Natural resources reserves in the mountain region of the State of Virginia made foreign coal companies to evict the natives from their land (Hellen 33). The companies were allowed to build their mining industry in the land without considering the original inhabitants. Despite being their resources, the citizens of Virginia did not benefit from the resources. They were forced to move from the mountains and settle in areas without mineral deposits.
The Natural resources originally belonged to the coal miners. However, after the invasion of their land by foreign companies, they were forced to offer cheap labor. The houses constructed by the firms for the cite workers were in poor conditions and the residents were harassed and forced out in case of a strike. Land alienation by the rich from the poor with the support of the local government angered the citizens of Virginia leading to the emergence of the uprising.
The actions undertaken by the rioting coal miners are justifiable in the literature context. Subjecting human beings to harsh working conditions and poor pay often results in revolts. Massive killings witnessed during the Blair Mountain war cannot be entirely blamed on the coal workers. However, the provocations witnessed by both the government and their employers were the major reason for the unruly state witnessed. The uprising led by the Revered (Hennen 3) who is supposed to be the spiritual leader indicates that they were pushed beyond their elastic limits.

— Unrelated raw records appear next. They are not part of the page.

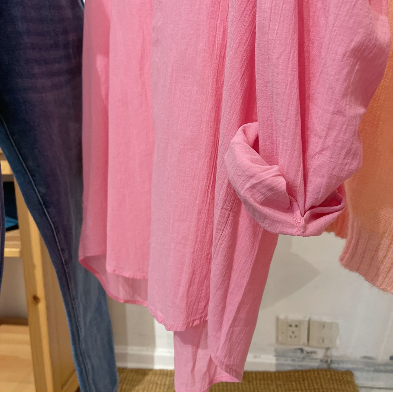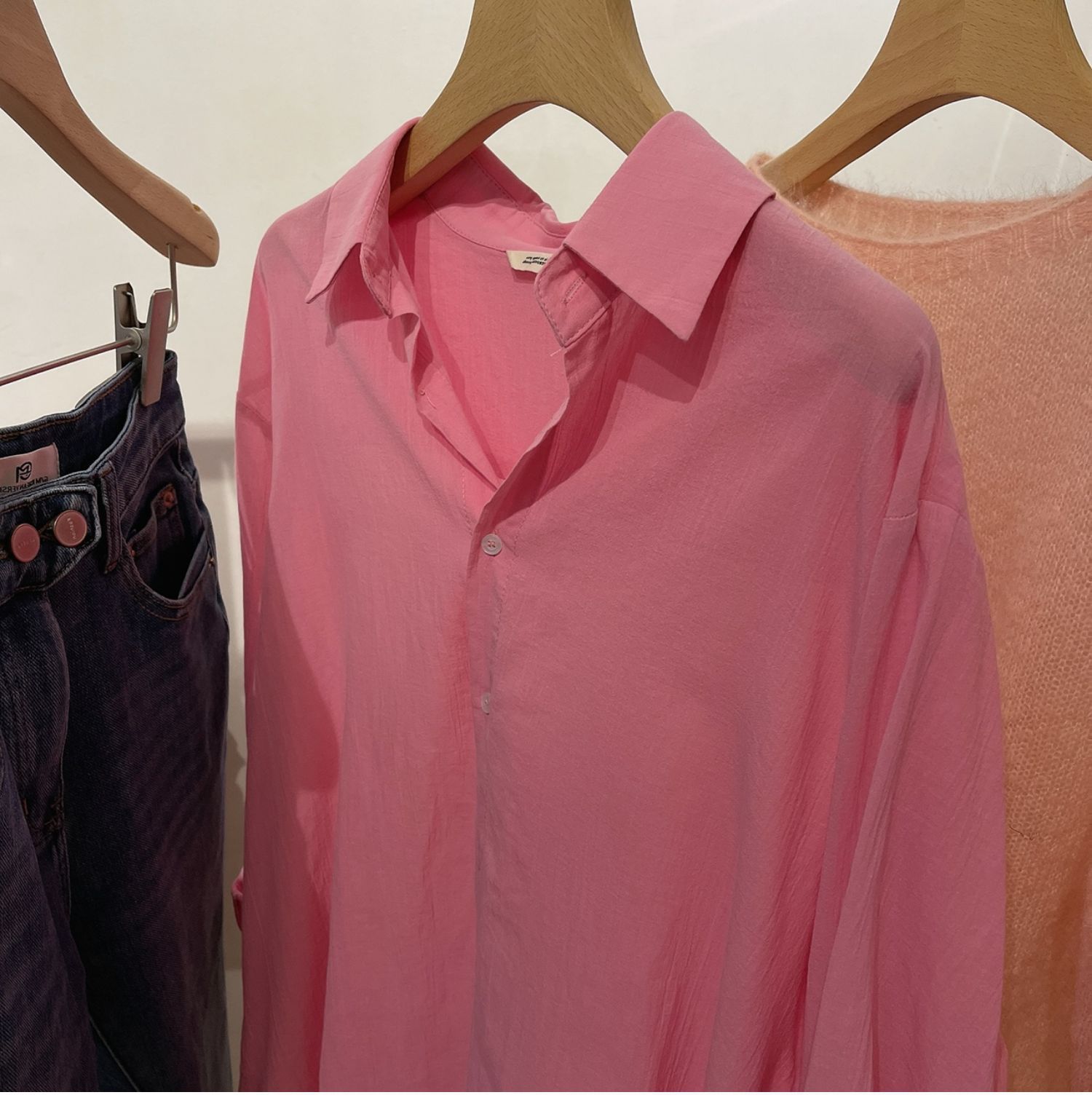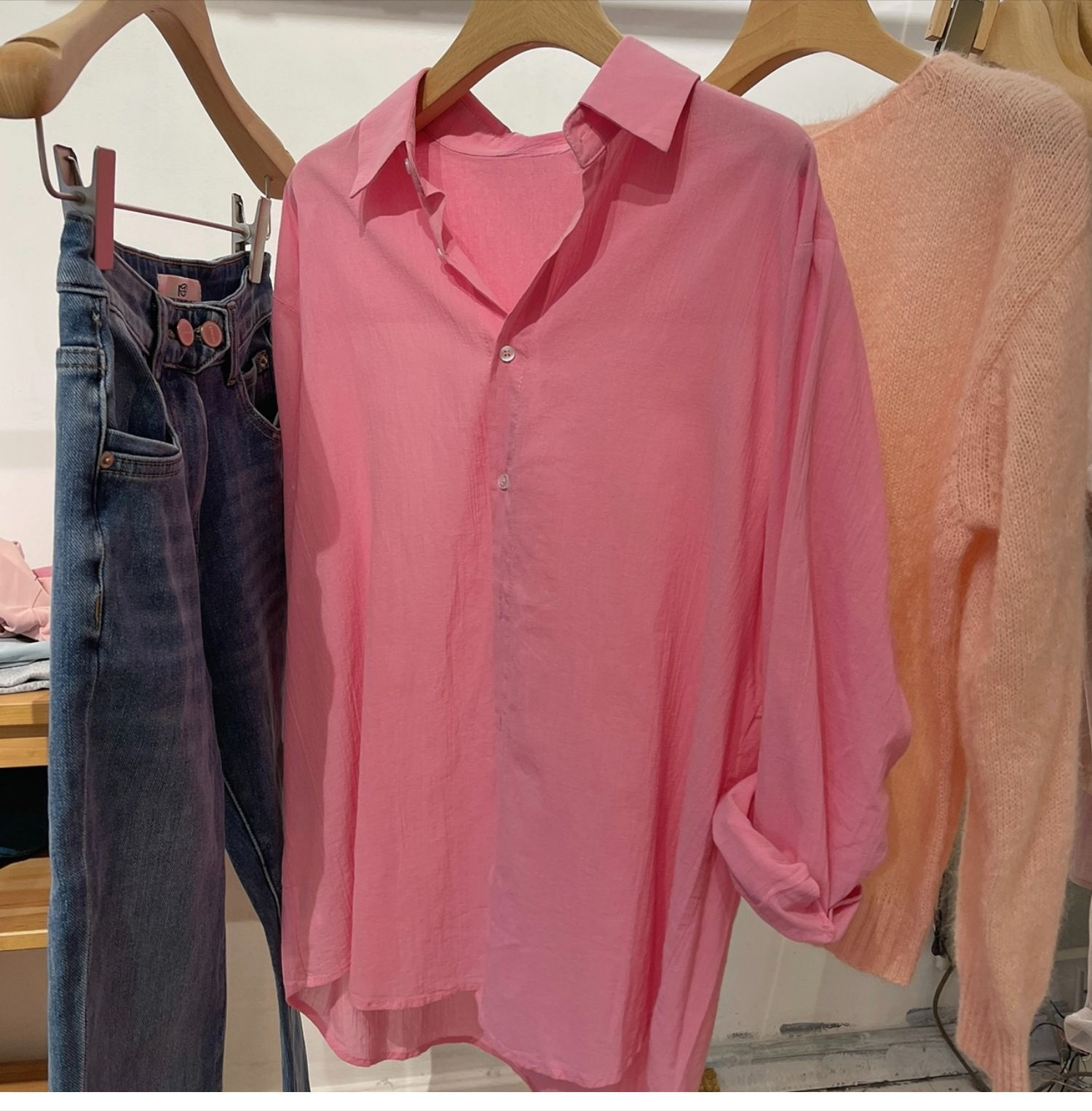 주름 질감 고급 핑크 얇은 캐주얼 셔츠 여성의 2024 여름 새로운 선 스크린 셔츠 달콤한 탑스토어 가기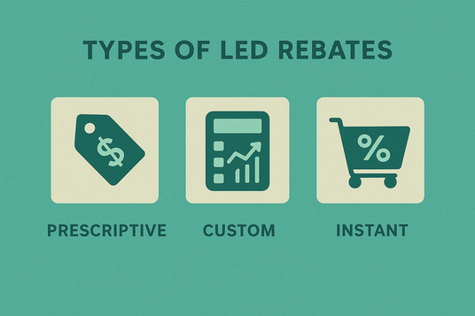 - Prescriptive Rebates – Pre-set dollar amounts for specific LED products (e.g., $15 back per fixture).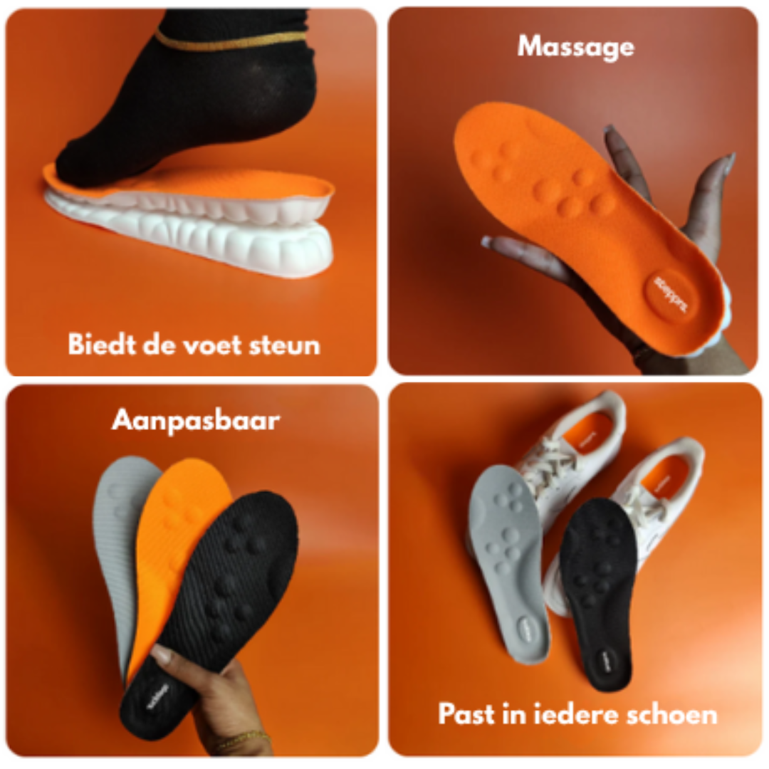 Ben je vaak lang op pad – voor werk, sport, of een dagje shoppen? Met de #1 beoordeelde StepEase™ massageschoenzool beweeg je comfortabel, pijnvrij én vol energie. Of je nu danst, rent of wandelt – met StepEase™ gun je je voeten het comfort dat ze verdienen.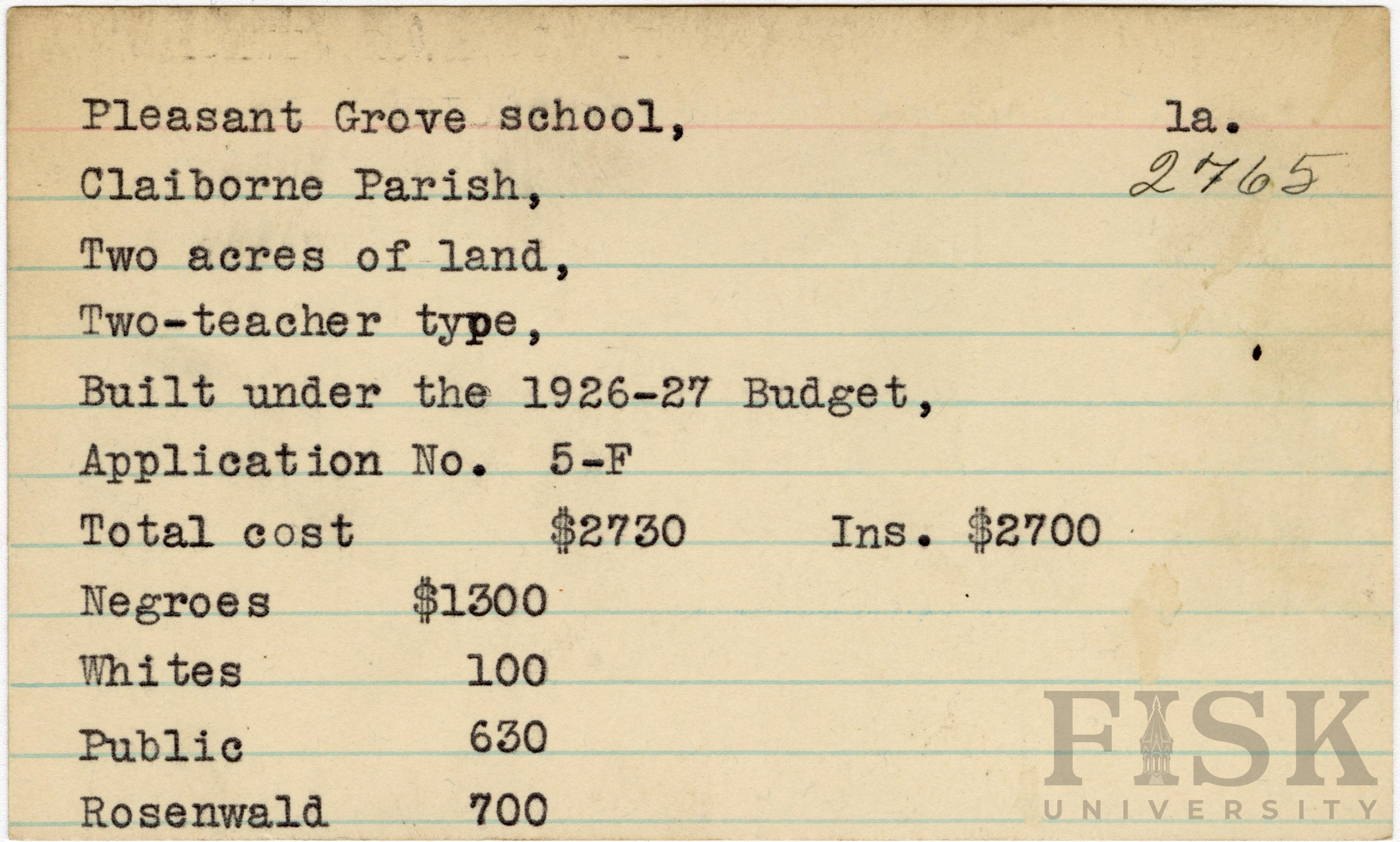 School card from the Rosenwald Fund for Pleasant Grove School in Claiborne Parish, Louisiana with a section added to the budget contributions that says, "Ins. $2,700"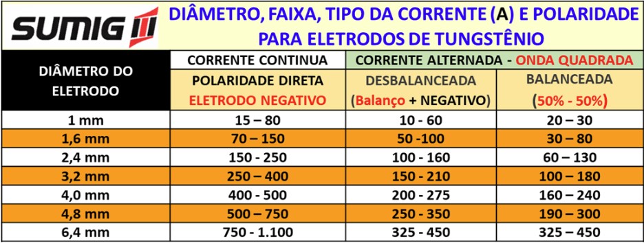 Dica: Utilize sempre o eletrodo de tungstênio com o diâmetro correto. Usar diâmetros maiores com baixa corrente pode contaminar a solda.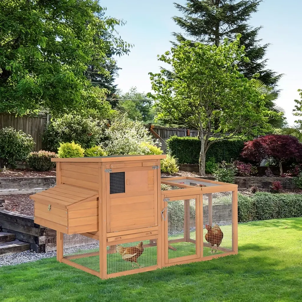 Pawhut 75" Wooden Chicken Coop Hen House Poultry Cage For Backyard With Outdoor Run Removable Tray And Nesting Box
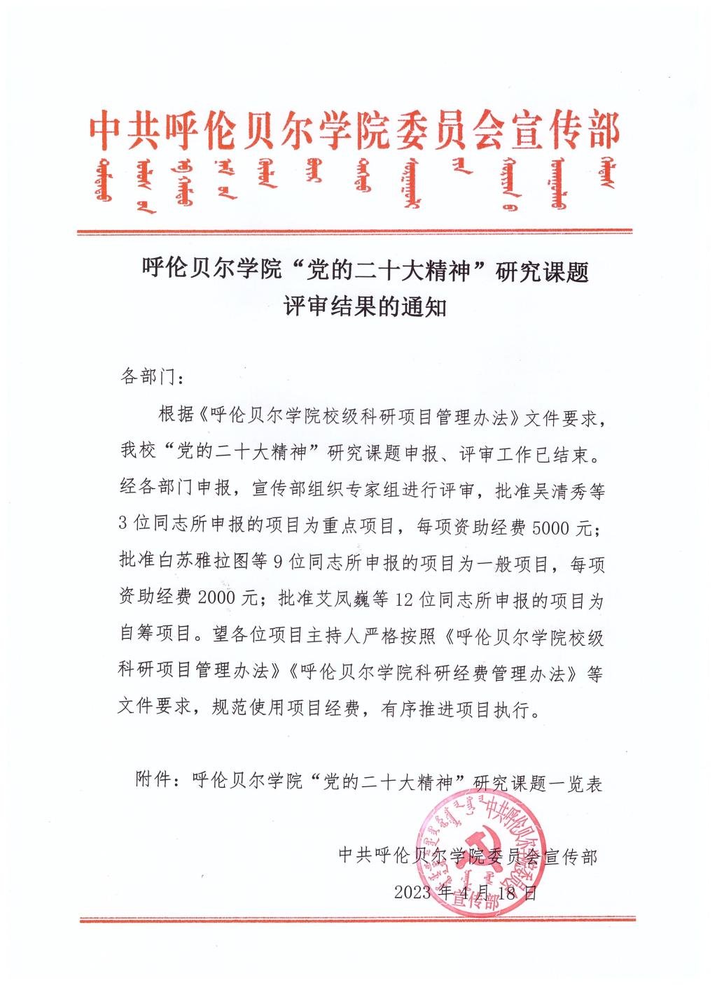 呼倫貝爾學院“黨的二十大精神”研究課題評審結果的通知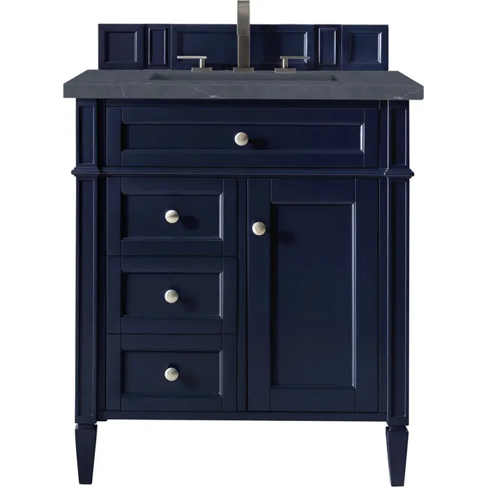 The Brittany 30" Urban Gray Single Vanity by James Martin Vanities features classic details that bridge both traditional and transitional styles. This beautiful piece of furniture includes one hide-away tip-out, top row drawer plus two full-depth side drawers, one of which is double-height for storage of taller items. This cabinet also has one door, which conceals an interior shelf for ample storage, and a bamboo drawer organizer. Handcrafted in yellow poplar solids and veneers with satin nickel hardware. Matching wood backsplash is included. The look is completed with a 3 CM eased edge Charcoal Soapstone Silestone top by Cosentino and one white ceramic sink.One door Victory Blue single vanity with three drawers and interior shelf space; lower drawer is double-height; top drawer is tip-out styleHardware Finish: Satin NickelSolid kiln-dried Grade A hardwoodCabinet is finished inside and out with a premium undercoat finish for superior moisture and UV resistanceSoft-close undermount drawer glides and soft-close door hingesDrawer bottoms are lined with our signature brushed aluminum laminateMatching decorative wood backsplash is included3 CM eased edge Charcoal Soapstone Silestone top and one white porcelain rectangular sinkCountertop is pre-drilled for one 3-hole 8" spreadFaucet sold separatelyOur most popular collection, the Brittany was thoughtfully crafted to combine both traditional and modern style. The tapered legs are a recognizable nod to the past, while the straight lines and shaker-style detailing suggest a more contemporary aesthetic. Available in eight beautiful finishes, Brittany's versatile design blends seamlessly with a wide range of interior styling, while the expansive storage options make this collection a functional solution for any bathroom.1 year warranty against manufacturer's defects. We will repair or replace any defective product, if the product is defective in material or workmanship at our discretion. No warranty is expressed or implied regarding damages resulting from consumer misuse.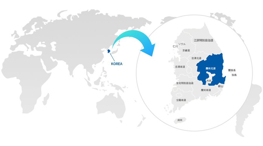 慶尚北道(キョンサンブクド)は、朝鮮半島の東南部に位置し、東側は東海岸、北側は江原,忠北、西側は忠北,全北、南側は慶南,蔚山と接している。 首都ソウルから半徑170-430㎞に位置し、航空、高速銑道、高速道路など立体的な交通網により50分から3時間以内の便利な接近性を持っている。 北緯35°34′から37°33′に位置し、アメリカのワシントンDC、日本の東京、中国の蘭州、イランのテヘラン、ポルトガルのリスボンなどと同じ緯度上にある。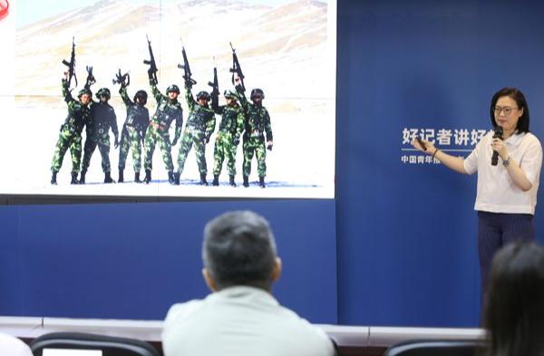 8月16日,北京中青大厦,来自中国青年报社中青在线的记者戴月婷做主题为《找你找到天山深处 祖孙三代守望168座丰碑》的演讲。当日,中国青年报社青年人才周系列活动“好记者讲好故事”初赛在北京中青大厦举行。来自报社的6位一线记者就自己采访领域中遇到的感人故事,给现场和线上的听众做了声情并茂的分享。中青报·中青网记者 陈剑/摄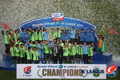 ‘현대오일뱅크 K리그 클래식 2015’ 우승을 차지한 전북현대 선수단이 트로피를 들고 환호하고 있다. 전북은 모기업의 든든한 후원을 바탕으로 K리그 클래식(1부리그) 2연패를 달성했다. 프로뿐 아니라 유소년, 여자 등 한국축구 전반에 걸친 고른 발전을 위해선 적극적 투자가 이뤄져야 한다. 사진제공|프로축구연맹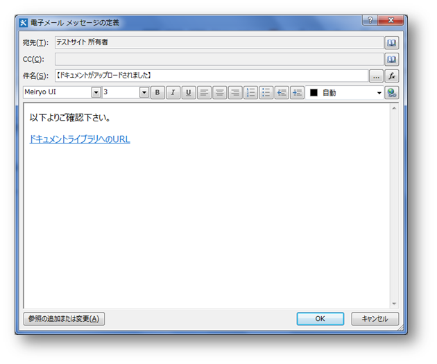 電子メール メッセージの定義が表示されるので、必要な情報を選択/入力後、[OK]にて完了して下さい。 (宛先/CCは右側の辞書アイコンから送付先を検索できます。ここではSharePointグループも選択することが可能です)

The killing of heroes who dared to oppose the company's policies by hired security personnel and the government officials mandated with protecting the rights of the citizen was a major reason for the revolt. The Sheriff and his deputies hired militias to terrorize the workers leading to chaos. The strike would have been peaceful demonstrations if the company and the local authorities allowed the workers to exercise their rights freely. However, using excessive force every time the workers demonstrated led to the adoption of a violent method of airing their grievances. While the use of weapons and war tactics to curb labor-related issues was not the best cause of action, the benefits derived from it were more than losses suffered by the coal miners.
Hennen, John. "The Battle of Blair Mountain: The Story of America's Largest Labor Uprising." (2006): 1468-1469.
Stumpf, Samuel Enoch. Socrates to Sartre: A history of philosophy. New York: McGraw-Hill, 1993.